Они уже поднялись к воротам, где еще толпилось множество возбужденного народу, однако в целом соблюдалось некое подобие порядка. До тех пор пока женщина не заверещала истерично:
— Вон он! Он! Горелом!
Притихшая было толпа, вновь всколыхнулась, пытаясь извернуться сама в себе. Одни ринулись назад, другие, наоборот, вперед. Ян все еще толком не пришел в себя, так что даже испугаться не успел. Людские потоки вновь закрутились, их с Диной растащило в стороны.
— Да вон же он!
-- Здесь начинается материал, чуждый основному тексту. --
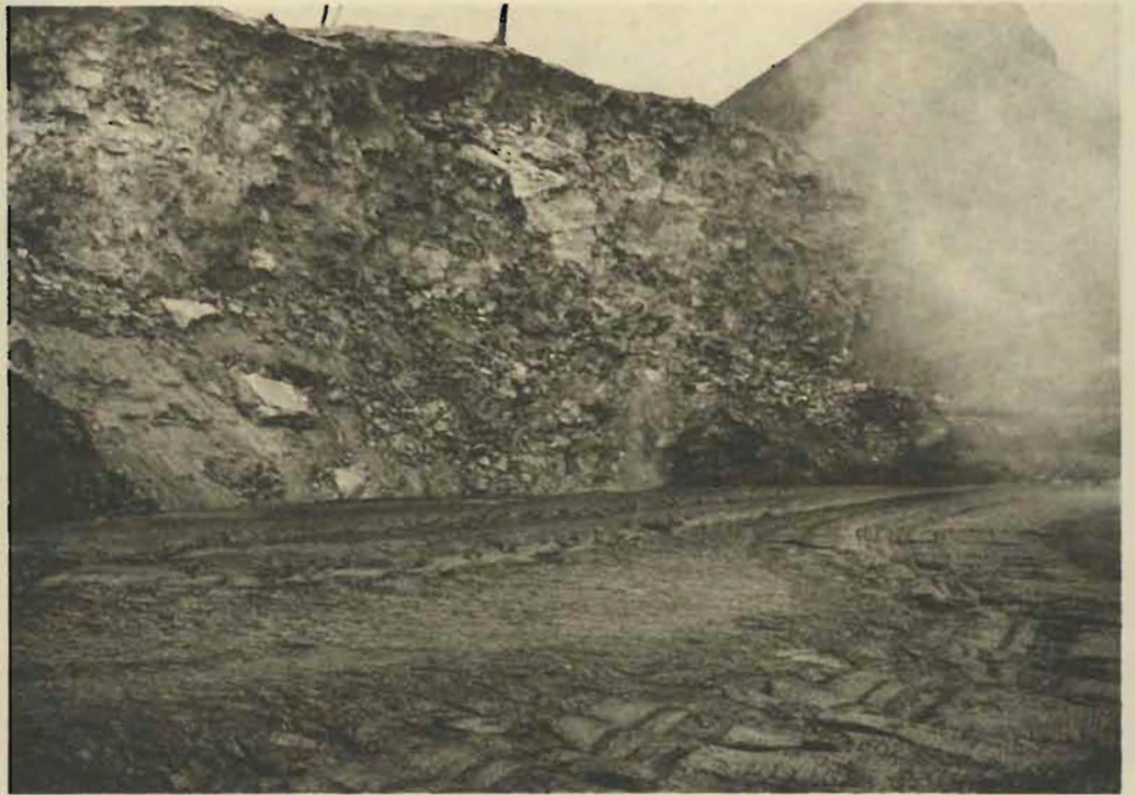
1. Partie sud du lac de lave.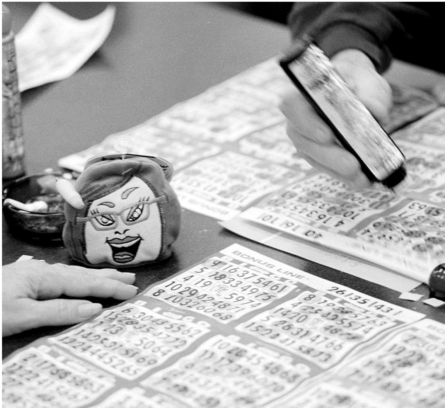
Le tampon encreur — gros feutre de couleur utilisé pour marquer les numéros qui sont débités à toute vitesse —, est l'outil suprême du joueur de bingo !

On ne nous explique cependant pas en quoi cette pratique pourrait améliorer le sort de la gent masculine, ni, d'ailleurs, qui au juste a envie d'adopter cette habitude pas très naturelle, ni particulièrement virile.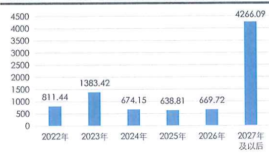
截至 2021 年末广西政府债务期限结构 (亿元)

Я видела, он побелел и что-то шептал!
Пожилая женщина с багровыми от жары и напряжения щеками и с размазавшейся вокруг глаз тушью тыкала пальцем, обвиняя. Окружающие вертели головами. Кто-то плакал. Ян заметил поодаль Динино растерянное лицо. Она, кажется, пыталась протиснуться, но ее не пускали, крепко сдавив со всех сторон. Да и его самого стиснули так, что ребра трещали.
— Где?!
— Там! Держите! Все из-за него!
Тетка показывала не на Яна, а куда-то левее. Там нервно запротестовали. Люди перепугано прыснули прочь. На лицах страх был густо перемешан со злобой. Кто-то, из стоявших выше, оступился, повалился на Яна, приложив краем сумки, в которой, судя по звону, лежали бутылки… А может, это у него в ушах зазвенело от удара.
— …о, боже! — причитала Дина, пытаясь остановить кровь, текущую из ссадины на Яновом лбу при помощи не особенно свежего платка и минеральной воды. — Тебе надо к врачу.
От воды лоб щипало, но Ян все равно прижал к ране платок, иначе глаза заливало кровью и идти становилось невозможно. Зато он стал похож на сотни таких же пострадавших, что толклись на солнцепеке и в тени, осаждая машины полицейских и скорой помощи. Кто-то зажимал глаз, кто-то скулу, кто-то баюкал порезанную руку. Отчаянно ревели перепуганные дети. Ошалевшие взрослые нервно прижимали их к себе.
— Где медики?
— Сюда не проехать…
— Так их и на том берегу не видно.
— Чего так народу-то много?
И в самом деле, почему-то казалось, что основная масса бывших болельщиков, вместо того, чтобы разбежаться по домам или больницам, все еще остается здесь, перекатываясь на площади перед стадионом. По Журавлиному мосту вроде бы тек людской поток, но слишком тоненький. А лодки не успевали уносить желающих. Зато прибывшие с дальних мостов автобусы, набитые пассажирами, по-прежнему стояли на стоянке возле стадиона. Да и машины скорой помощи не пытались увезти пациентов. Вместо этого разраженные врачи отгоняли страждущих от уже переполненных салонов, а водители, как один, забрались под крышки капотов едва ли не с ногами.